Supplied data:

━━━━━━━━━━

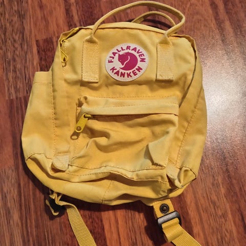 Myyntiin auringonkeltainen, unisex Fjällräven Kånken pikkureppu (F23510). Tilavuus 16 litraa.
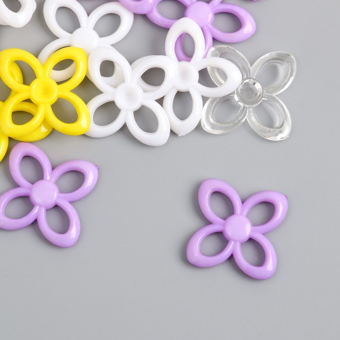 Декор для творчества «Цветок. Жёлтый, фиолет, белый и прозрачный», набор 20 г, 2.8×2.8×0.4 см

━━━━━━━━━━

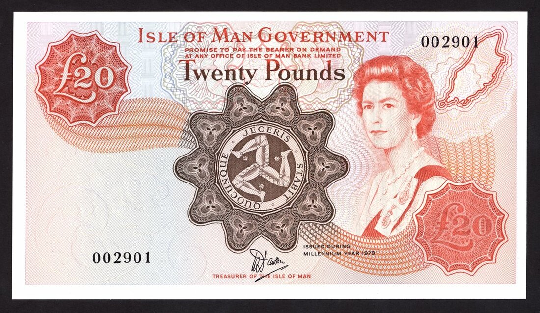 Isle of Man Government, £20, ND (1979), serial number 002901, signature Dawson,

━━━━━━━━━━

Instructions to follow: Exactly the lines above, from the one containing "Myyntiin auringonkeltainen, unisex" down to the one containing "Декор для творчества", are to be repeated, including both ends. Pictures are not part of the copy.

Solution to this exercise:
 Myyntiin auringonkeltainen, unisex Fjällräven Kånken pikkureppu (F23510). Tilavuus 16 litraa.
 Декор для творчества «Цветок. Жёлтый, фиолет, белый и прозрачный», набор 20 г, 2.8×2.8×0.4 см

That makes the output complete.